**WHAT YOU HAVE TO DO**
Beginning with the line that contains "WATERFORD Short Story", restate each line below through the final one exactly, and exclude the pictures.

**DATASET EXCERPT**
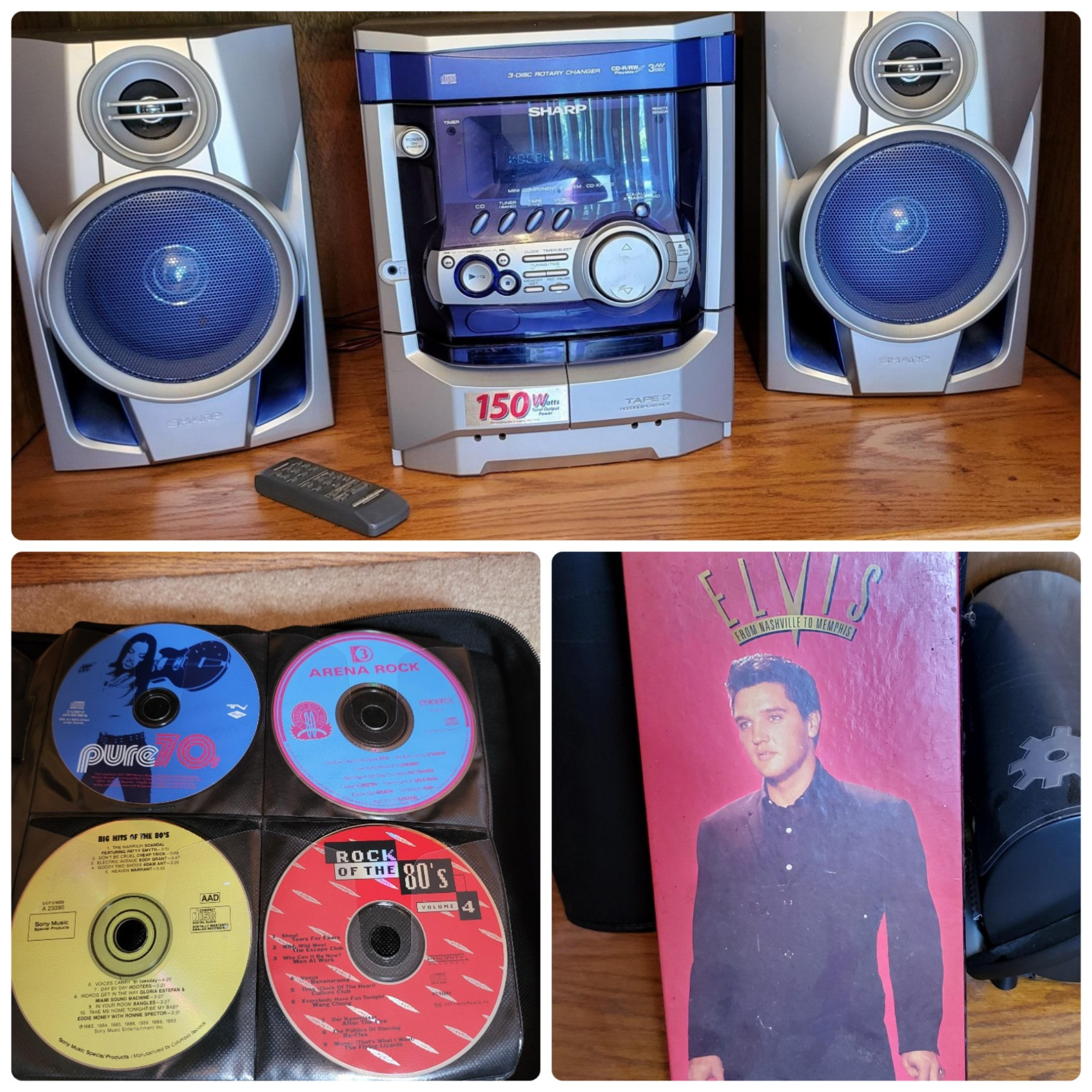 Sharp CD-X200 CD/stereo system with two speakers. Shelf of CD binder cases, filled with various artist CD's, movie soundtracks and more
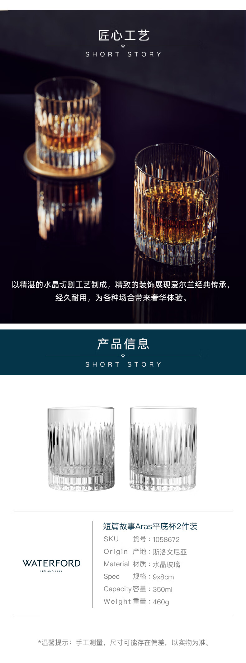 WATERFORD Short Story Aras Shot Glass 2-Pack Whiskey Glass Set SF Express Set SF Express
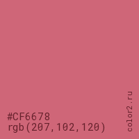 Цвет #CF6678 в цветовой модели RGB обозначается тремя октетами (207, 102, 120) в десятичном формате и #CF6678 в шестнадцатиричном (hex) формате, которые являются интенсивностью красного 207 (hex CF), интенсивность зелёного 102 (hex 66) и интенсивность синего 120 (hex 78).
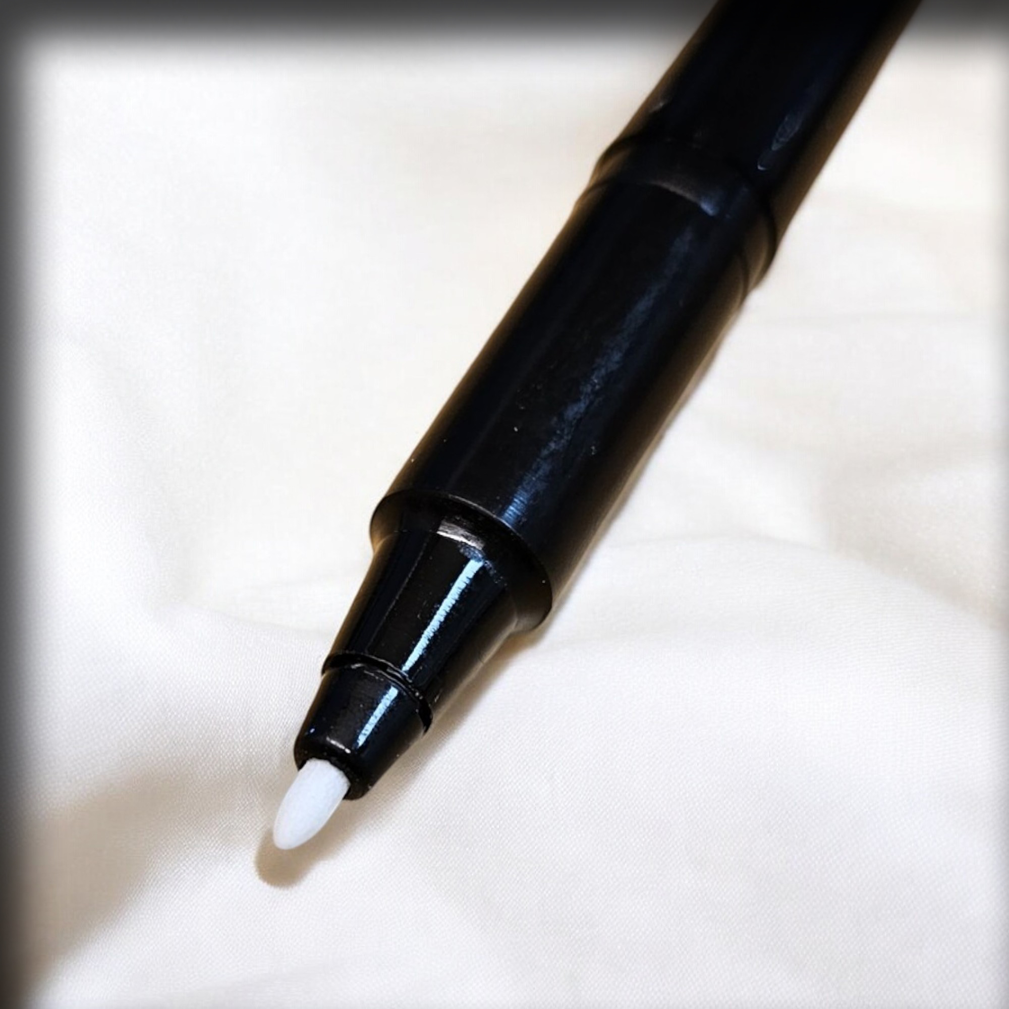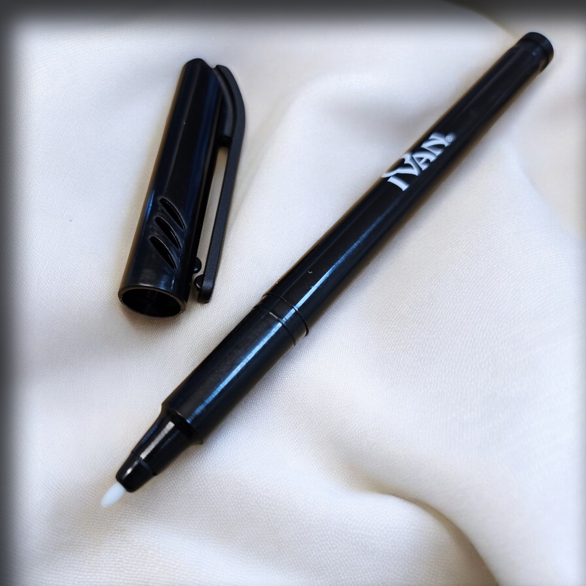Åpne pennen i toppen, ta ut hylsen, dypp hylsen i lærfargen og sett den inn i penna igjen.

**RESULT BELOW**
 WATERFORD Short Story Aras Shot Glass 2-Pack Whiskey Glass Set SF Express Set SF Express
 Цвет #CF6678 в цветовой модели RGB обозначается тремя октетами (207, 102, 120) в десятичном формате и #CF6678 в шестнадцатиричном (hex) формате, которые являются интенсивностью красного 207 (hex CF), интенсивность зелёного 102 (hex 66) и интенсивность синего 120 (hex 78).
Åpne pennen i toppen, ta ut hylsen, dypp hylsen i lærfargen og sett den inn i penna igjen.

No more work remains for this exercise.